Lt. Gen. Kadish: Absolutely. In fact, this idea of going into
PDR and CDR is a super one to influence the design process. What I worry
about is that we won't have the right influence and that we will take
older paradigms and put them into a newer box. This idea of having an
ongoing consortium relationship combined with an intense experimentation
on the operators and developers and on the industrial side can help us
with that. We are not going to get it all right, but it is a process
that we go through that would lead us to when we do go to the PDR and
CDR we can be much more informed and leverage that investment more
effectively. That is the thought.
Mr. Henshaw: I am thinking as Ron is talking there about what
we used to have which were government evaluation of IRAD (Independent
Research & Development). One of the products that we probably need
to bring back and we have we do it, Boeing does it, TRW, Hughes,
others is technology days where you get exposed to all that.
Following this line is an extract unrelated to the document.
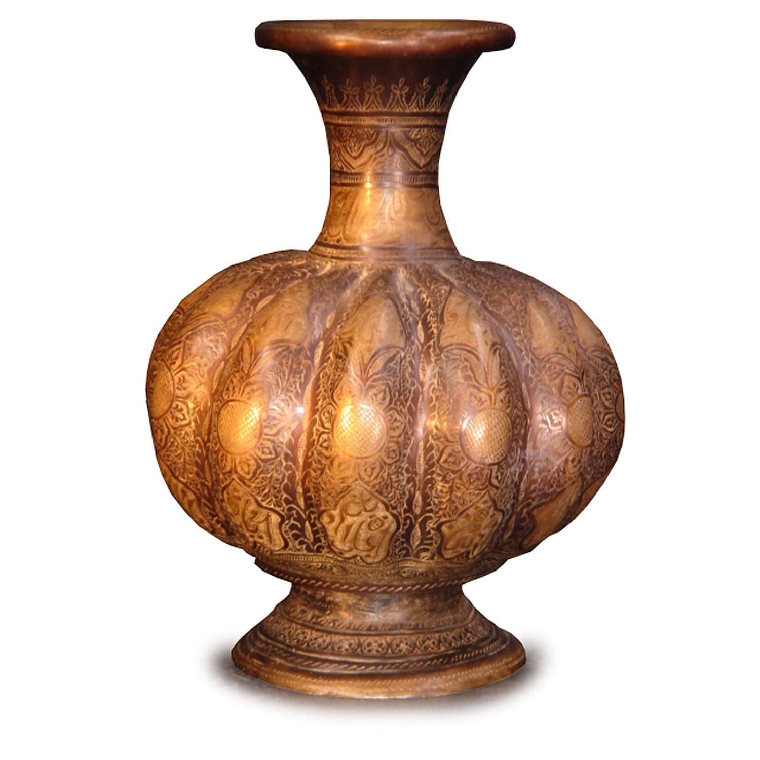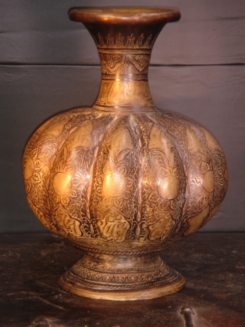 LARGE ENGRAVED BRONZE MOGHUL PUMPKIN SHAPED VASE WITH TRUMPET NECK 16/i HIGH (X2)

In
answer to you Ron, most all of us have five-year technology plans. What
comes to mind is the digital signal processing and active arrays and
switchable broad band that TRW and we are tied very tight into a real
fine team. That five-year plan, and indeed six- or seven- or eight-year
plan, is what you are getting at. You need to see where we are taking
both our profit dollars and discretionary other dollars and what we are
investing in for active arrays for whatever the piece of technology is.
That would get at it. By the way, CDRs are too late, aren't they? By the
time you get the CDR, you ve bult them one or something. So, it has to
be in the five- or seven-year plan of technology that the government and
commercial industry need to link up at. That would be my suggestion.
Lt. Gen. Kadish: I'd like to add one more thing. I want to be
clear about this idea of experimentation. It is not only the
technologists that get together. What I fear most when I talk about this
is this idea of demonstration comes back in. We demonstrate ourselves to
death. We don't get our dollar-for-dollar investment out of
demonstrations. They certainly have their place, just like the platform
focus, but the idea of experimentation is with the users, the customers,
the developers, the acquirers and the industry together working this
problem and not putting together a demonstration where we can prove the
concept and in fact even invent a concept of operations and then let it
languish for years and years because it didn't have the proper buy-in
and understanding in the concept of operations that the real warfighters
need to have. I want to make that point clear.
Lt. Gen. Lyles: Let me wrap up with this one last hypothetical
question and I forgot to use the adjective hypothetical because we
really don't assign action items to the Secretary of the Air Force
(laughter). But, hypothetically, Ron, if you had that opportunity for an
action?
Lt. Gen. Kadish: I will throw out experimentation and let's
put a consortium together to address these longer term issues.
Mr. Albaugh: National Space Policy. How are we going to pay
for the ranges? How are we going to allocate costs?
Mr. Henshaw: System of systems cross bow, cross service,
actually. We need acquisitions that address the bigger issue of what you
are trying to get at, rather than stovepipe acquisition that there is
probably too much of.
Maj. Gen. Tattini: In our business, we execute probably half
again as much TOA as we did four years ago with over a third reduction
in personnel. At some point we need to probably draw a line there and
cease and desist in terms of some of the continued downward pressure on
the size of the acquisition corps.
Lt. Gen. Lyles: General Shaud, let me turn the forum back to
you. I want to thank the four panel members, outstanding leaders in
everything they are doing in their past years and what they are doing
today. Thank you for giving us the opportunity to be here.